### GOAL OF THE EXERCISE
Copy nothing from the entries below except the lines from the one containing "Продается 2-комнатная квартира" through the one containing "This is a used", and copy those exactly.

### INPUT FOR THIS TASK
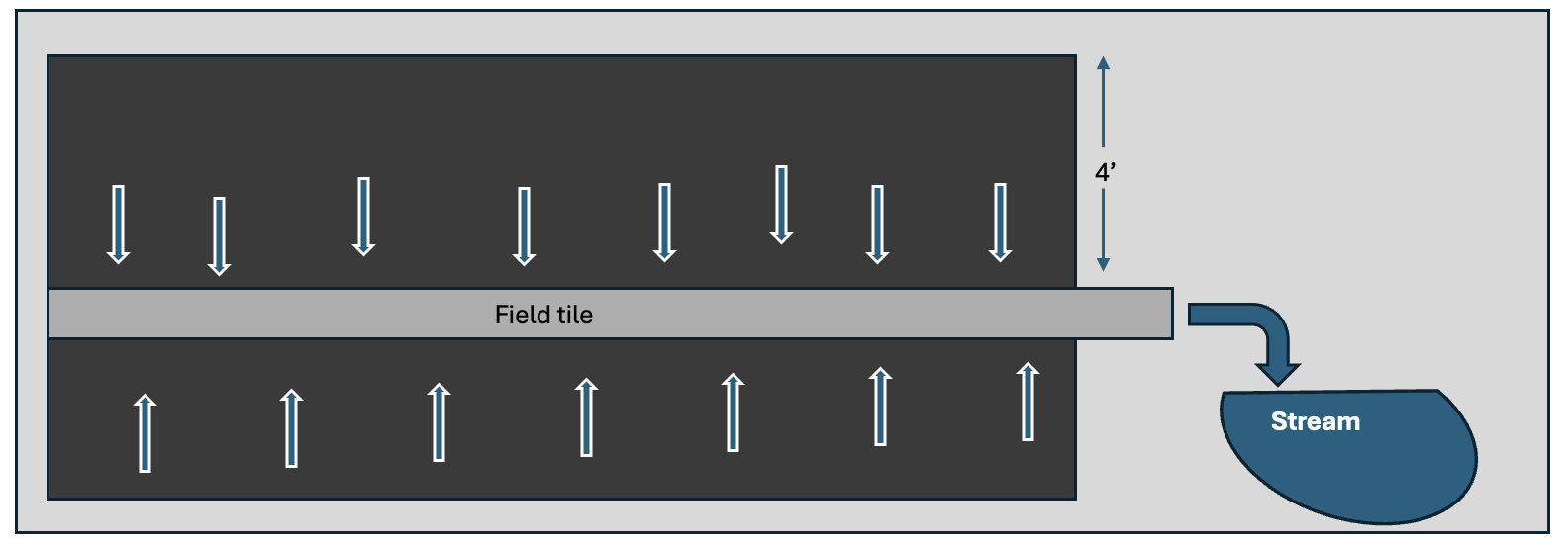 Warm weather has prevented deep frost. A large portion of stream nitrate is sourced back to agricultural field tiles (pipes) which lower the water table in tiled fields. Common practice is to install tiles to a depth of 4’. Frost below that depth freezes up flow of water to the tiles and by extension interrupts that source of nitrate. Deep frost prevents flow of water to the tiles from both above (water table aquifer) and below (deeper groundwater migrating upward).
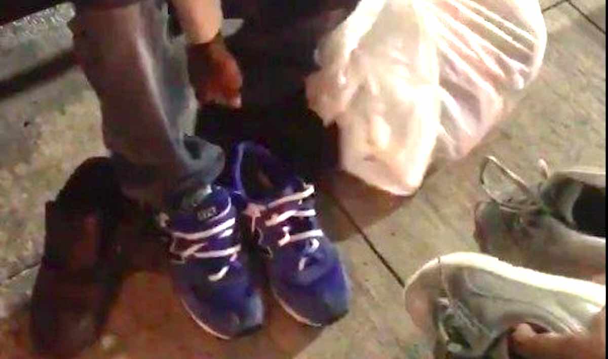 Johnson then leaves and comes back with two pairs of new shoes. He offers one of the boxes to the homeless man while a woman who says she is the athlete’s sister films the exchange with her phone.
* * *
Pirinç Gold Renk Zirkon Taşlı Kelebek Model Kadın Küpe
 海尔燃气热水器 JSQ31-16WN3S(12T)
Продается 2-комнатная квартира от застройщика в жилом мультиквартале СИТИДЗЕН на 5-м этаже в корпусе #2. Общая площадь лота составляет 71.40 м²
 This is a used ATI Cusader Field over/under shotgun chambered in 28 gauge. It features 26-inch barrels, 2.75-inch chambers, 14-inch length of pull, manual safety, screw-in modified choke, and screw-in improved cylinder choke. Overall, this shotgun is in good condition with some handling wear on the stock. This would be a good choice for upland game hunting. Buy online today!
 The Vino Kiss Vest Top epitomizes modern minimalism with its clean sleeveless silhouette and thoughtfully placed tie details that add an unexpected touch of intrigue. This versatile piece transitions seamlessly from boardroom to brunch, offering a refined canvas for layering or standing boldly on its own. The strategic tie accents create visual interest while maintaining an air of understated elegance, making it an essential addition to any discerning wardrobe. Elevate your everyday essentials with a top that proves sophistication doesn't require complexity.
--
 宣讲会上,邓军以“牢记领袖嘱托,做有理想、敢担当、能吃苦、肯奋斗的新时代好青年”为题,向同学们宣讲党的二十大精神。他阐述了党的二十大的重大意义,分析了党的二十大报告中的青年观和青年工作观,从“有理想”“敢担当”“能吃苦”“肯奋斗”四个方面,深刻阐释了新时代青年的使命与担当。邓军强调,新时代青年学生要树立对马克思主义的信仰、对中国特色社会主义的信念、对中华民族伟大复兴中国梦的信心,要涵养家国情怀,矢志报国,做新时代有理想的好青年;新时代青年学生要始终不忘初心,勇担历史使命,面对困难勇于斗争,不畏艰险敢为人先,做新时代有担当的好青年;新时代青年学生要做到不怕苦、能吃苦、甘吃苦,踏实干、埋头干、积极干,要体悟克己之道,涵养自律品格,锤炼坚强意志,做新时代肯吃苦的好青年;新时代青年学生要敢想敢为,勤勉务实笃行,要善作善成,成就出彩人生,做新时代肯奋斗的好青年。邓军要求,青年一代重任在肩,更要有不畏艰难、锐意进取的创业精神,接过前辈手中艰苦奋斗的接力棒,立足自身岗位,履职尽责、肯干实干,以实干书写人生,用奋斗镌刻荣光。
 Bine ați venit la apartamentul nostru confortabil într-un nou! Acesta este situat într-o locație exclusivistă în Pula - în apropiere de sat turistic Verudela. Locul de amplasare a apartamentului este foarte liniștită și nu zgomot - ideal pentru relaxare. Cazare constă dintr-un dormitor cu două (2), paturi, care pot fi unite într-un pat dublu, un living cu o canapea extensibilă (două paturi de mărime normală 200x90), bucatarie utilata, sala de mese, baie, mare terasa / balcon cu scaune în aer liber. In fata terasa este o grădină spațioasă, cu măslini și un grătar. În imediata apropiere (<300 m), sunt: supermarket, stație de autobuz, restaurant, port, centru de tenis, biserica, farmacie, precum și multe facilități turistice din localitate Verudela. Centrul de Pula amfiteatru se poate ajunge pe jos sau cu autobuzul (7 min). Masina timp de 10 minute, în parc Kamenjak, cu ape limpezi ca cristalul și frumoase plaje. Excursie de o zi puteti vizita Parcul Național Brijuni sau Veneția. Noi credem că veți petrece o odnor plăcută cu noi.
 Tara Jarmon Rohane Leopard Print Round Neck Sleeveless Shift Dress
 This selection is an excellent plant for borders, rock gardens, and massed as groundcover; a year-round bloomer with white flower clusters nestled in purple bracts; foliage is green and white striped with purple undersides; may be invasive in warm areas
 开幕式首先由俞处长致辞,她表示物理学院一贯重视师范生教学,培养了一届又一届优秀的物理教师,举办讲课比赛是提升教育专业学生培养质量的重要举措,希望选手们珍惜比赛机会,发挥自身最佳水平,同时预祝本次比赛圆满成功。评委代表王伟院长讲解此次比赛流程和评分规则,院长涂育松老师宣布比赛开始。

### PROBLEM SOLUTION
Продается 2-комнатная квартира от застройщика в жилом мультиквартале СИТИДЗЕН на 5-м этаже в корпусе #2. Общая площадь лота составляет 71.40 м²
 This is a used ATI Cusader Field over/under shotgun chambered in 28 gauge. It features 26-inch barrels, 2.75-inch chambers, 14-inch length of pull, manual safety, screw-in modified choke, and screw-in improved cylinder choke. Overall, this shotgun is in good condition with some handling wear on the stock. This would be a good choice for upland game hunting. Buy online today!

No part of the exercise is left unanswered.